### Extracted information
BEGIN

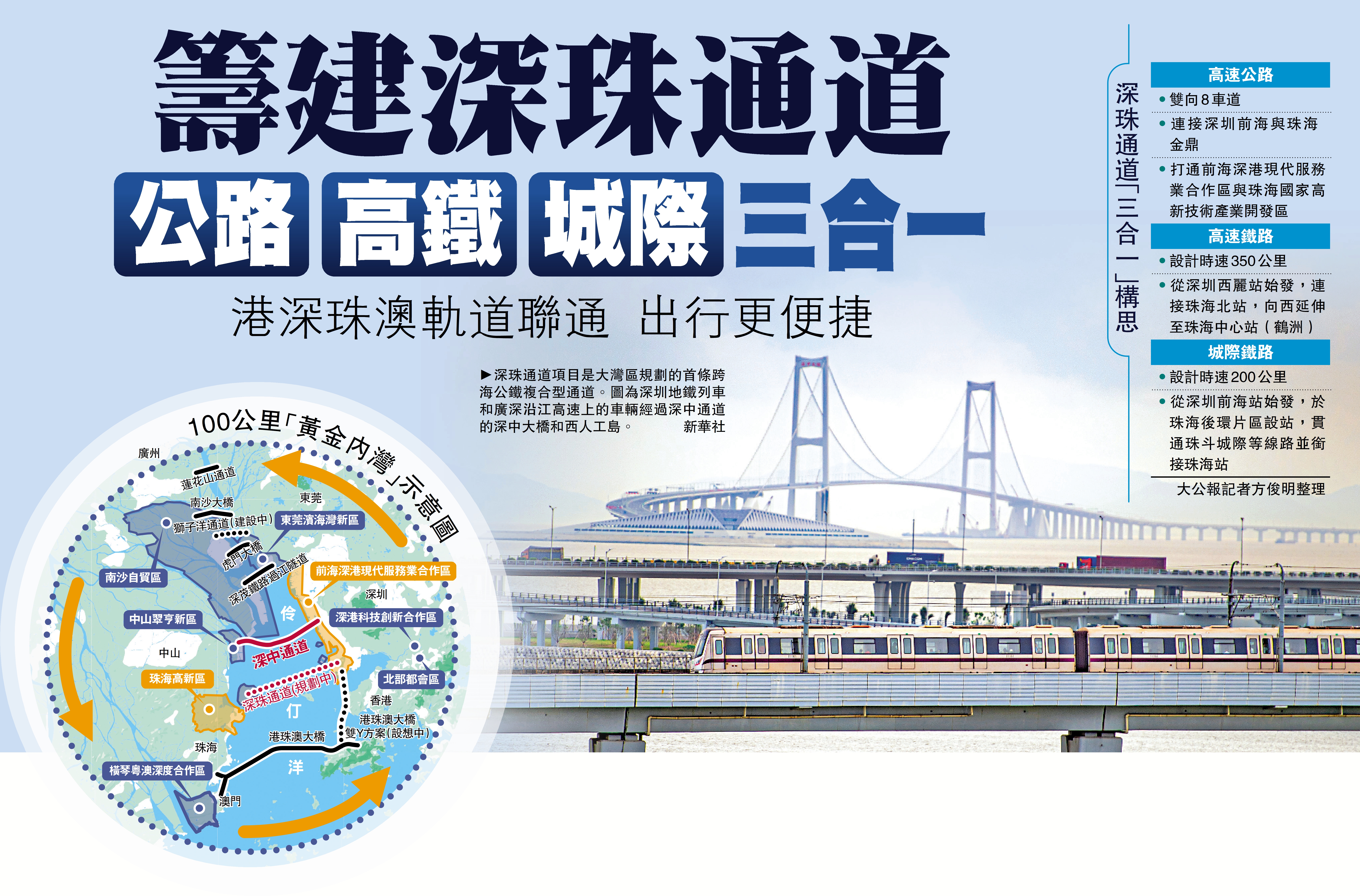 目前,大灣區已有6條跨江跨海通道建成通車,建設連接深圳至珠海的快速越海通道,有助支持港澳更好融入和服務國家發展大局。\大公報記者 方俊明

END
BEGIN

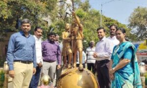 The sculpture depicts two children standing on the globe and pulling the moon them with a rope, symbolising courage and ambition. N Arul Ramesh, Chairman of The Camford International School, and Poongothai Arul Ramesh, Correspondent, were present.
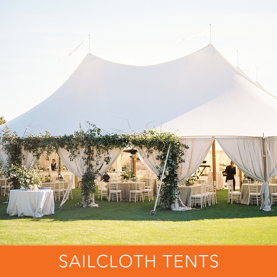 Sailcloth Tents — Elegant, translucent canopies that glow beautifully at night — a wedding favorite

END

### What you will do
Print, exactly, each line above from the one with "The sculpture depicts" to the one with "Sailcloth Tents —", end lines included. Leave pictures out of it.

### Exercise output
 The sculpture depicts two children standing on the globe and pulling the moon them with a rope, symbolising courage and ambition. N Arul Ramesh, Chairman of The Camford International School, and Poongothai Arul Ramesh, Correspondent, were present.
 Sailcloth Tents — Elegant, translucent canopies that glow beautifully at night — a wedding favorite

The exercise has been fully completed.